Tan prolijo resulta nuestro entrevistado que, al momento de consultarle sobre la historia familiar, tomó una lapicera y un papel y nos dibujó un árbol genealógico, para dejar todo claro. Es que, en Mendoza, el apellido Soppelsa es sinónimo de helado. Porque, además de “Dante Soppelsa”, el negocio cuyo dueño es Flavio, también existe “Feruccio Soppelsa”. Entonces, el disparador para la charla fue: ¿tienen algo que ver entre ustedes? En ese momento, Flavio hizo el gráfico y nos dejó en claro que son familia, pero lejana, y que las heladerías no tienen nada que ver entre sí. De hecho, Ferruccio se ha expandido con otros locales, algo a lo que Flavio se resiste tajantemente, porque, entonces, no se podría controlar la mercadería que se vende.

Historia

“La historia comienza hace muchos años. Arranca en 1927, cuando llegan a Argentina. Mi abuelo Ernesto y su padre, Guarino, llegan con el tema del helado desde Italia. Llegan y comienzan una nueva historia.

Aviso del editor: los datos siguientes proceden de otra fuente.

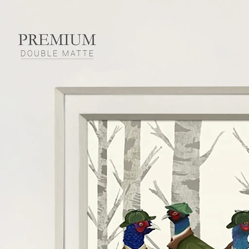 Pheasant Shooting Party Group 3Premium Framed Print A framed cold pressed paper print featuring superior double matting and quality frame. 2 SIZES AVAILABLE 16''X16''' - Overall Size 20''X20''' - Overall Size Each piece is made to order. Each piece comes with hanging hardware. Made in the USA Ready to Hang Giclee Paper Print Plexiglass Beveled Matt Board Double Matte Board

Hoy estamos por la cuarta generación, que soy yo. Esperemos que esto se pueda prolongar en el tiempo y se pueda mantener. Es un hermoso negocio y oficio el que tenemos”.

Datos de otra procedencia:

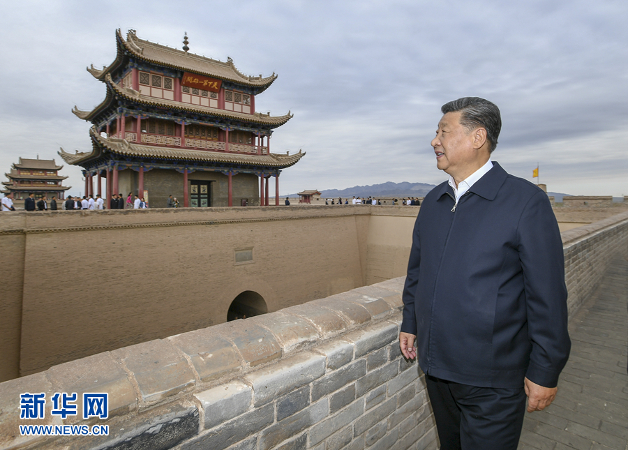 8月20日上午,中共中央总书记、国家主席、中央军委主席习近平来到嘉峪关关城,登上城楼察看关城整体面貌,听取河西走廊长城、关隘历史文化情况介绍。 新华社记者 谢环驰 摄

Dante Soppelsa se diferencia del resto de las heladerías por los ingredientes y la diversidad de sabores: “Hemos decidido usar mucha materia prima que se produce en Mendoza como el aceite de oliva y el vino. A eso le damos una importancia enorme porque representan nuestra provincia. Hemos desarrollado 18 sabores a partir de distintos varietales de vino. También tenemos dos sabores que considero deliciosos. Son el ‘lemmon olive oil’, que es limón batido con oliva, que combina perfectamente con un helado que también tenemos de palta. Y también hemos desarrollado un chocolate con aceite de oliva, que tiene una cremosidad increíble, con el oliva que le aporta notas ácidas, que le dan un sabor increíble”.

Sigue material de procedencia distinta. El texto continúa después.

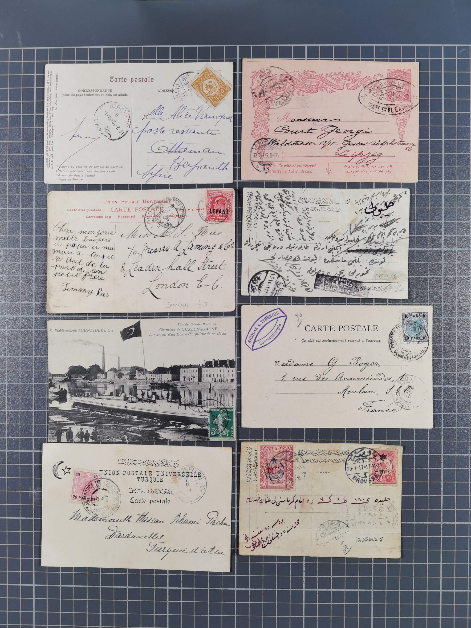 1856/1918, Postal History of Ottoman Syria (7), including prefilatelic cover Alep, Tatar post document with cancellations of Damas and Beyrouth, postcard 1890 from Aleppo via Alexandrette and Port-Said via french ship to France, censor marks of Aleppo and Damas,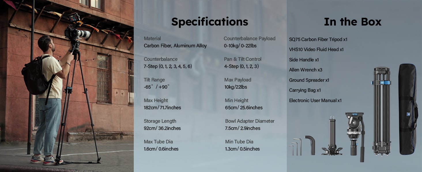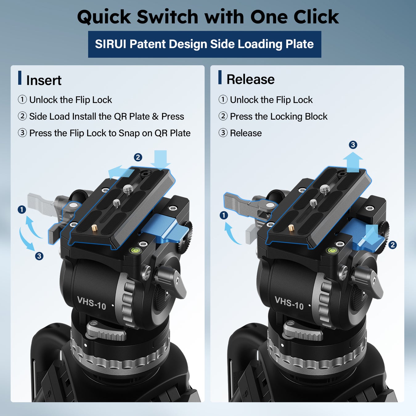 SQ75+VHS10は、SIRUI Rapid Systemの超安定性を誇る三脚キットです。強力なカーボンファイバーツインレッグチューブ、グラウンドスプレッダー、特許取得済みのサイドフリップロック、サイドローディングクイックリリースプレートにより、さらに安定性と柔軟性が向上しています。低コストで優れた操作性を提供します。

Consultado sobre los sabores más pedidos, Flavio nos comenta que “cada cliente tiene su paladar, su preferencia y su gusto. ‘Caramel browine’ es un sabor diferente para cualquier cliente a quien le agrade un sabor más dulce. Pero también hay algo totalmente opuesto a eso que es un sabor al agua con frambuesas orgánicas del Valle de Uco y pétalos de rosas. Y el de palta es infaltable, nuestro clásico. Y otro que vale la pena probar es el de mora y coco”.

Artesanos del helado

Además de los sabores novedosos, Dante Soppelsa es especialista en decorar los helados. Ya sea en capelina, barquillo o pote, todos se adornan meticulosamente con cucharas y elementos que trazan líneas y dibujan formas sobre la superficie del helado. Además, los colores no son casualidad. No solo el sabor, sino también los colores contrastan de manera perfecta entre los distintos sabores, a lo que se suma alguna hojita de chocolate blanco, que terminan de decorar la foto entera.